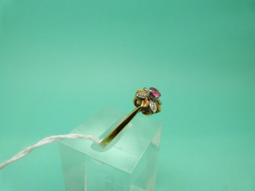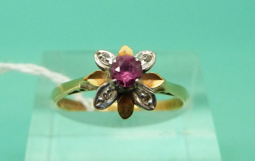 An 18ct gold ring set with a ruby and diamonds in a flower setting (Size O)
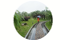 来到瑞安经济开发区河滨公园东入口,昔日的土坡已被一片绿色所取代。沿着蜿蜒的小道漫步在公园的深处,两边的植物郁郁葱葱,斑驳的阳光透过树林的缝隙洒在盘旋的小道上,别有一番风味。
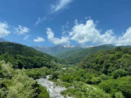 子どもたちはアクティビティをする場所へ移動しています。とてもきれいな景色の中で行います。大阪では見ることができない、とても美しい風景です。
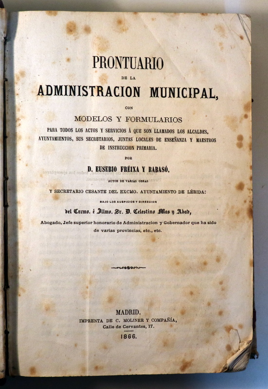Madrid, Imprenta de C. Moliner y Compañía, 1866. PRONTUARIO DE LA ADMINISTRACION MUNICIPAL, CON MODELOS Y FORMULARIOS para todos los actos y servicios a que son llamados los alcaldes, ayuntamientos, su secretarios, juntas locales de enseñanza y maestros de instrucción primariaCon gráficos. 927 p. 4º menor. Holandesa encuadernada por el antiguo propietario. Punta de la cubierta arrancada. Algunas manchas de óxido. Un poco desgastado. Completo, pero fatigado.
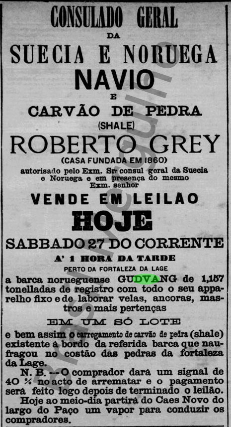 Notas: Saiu de Sidnei para o Rio de Janeiro. Casco de madeira.

□ □ □ □ □ □ □

INSTRUCTIONS FOR THE TASK —
Please reproduce each entry above word for word and keep the pictures out of the copy.

ANSWER FOR THIS EXERCISE —
 An 18ct gold ring set with a ruby and diamonds in a flower setting (Size O)
 来到瑞安经济开发区河滨公园东入口,昔日的土坡已被一片绿色所取代。沿着蜿蜒的小道漫步在公园的深处,两边的植物郁郁葱葱,斑驳的阳光透过树林的缝隙洒在盘旋的小道上,别有一番风味。
 子どもたちはアクティビティをする場所へ移動しています。とてもきれいな景色の中で行います。大阪では見ることができない、とても美しい風景です。
Madrid, Imprenta de C. Moliner y Compañía, 1866. PRONTUARIO DE LA ADMINISTRACION MUNICIPAL, CON MODELOS Y FORMULARIOS para todos los actos y servicios a que son llamados los alcaldes, ayuntamientos, su secretarios, juntas locales de enseñanza y maestros de instrucción primariaCon gráficos. 927 p. 4º menor. Holandesa encuadernada por el antiguo propietario. Punta de la cubierta arrancada. Algunas manchas de óxido. Un poco desgastado. Completo, pero fatigado.
 Notas: Saiu de Sidnei para o Rio de Janeiro. Casco de madeira.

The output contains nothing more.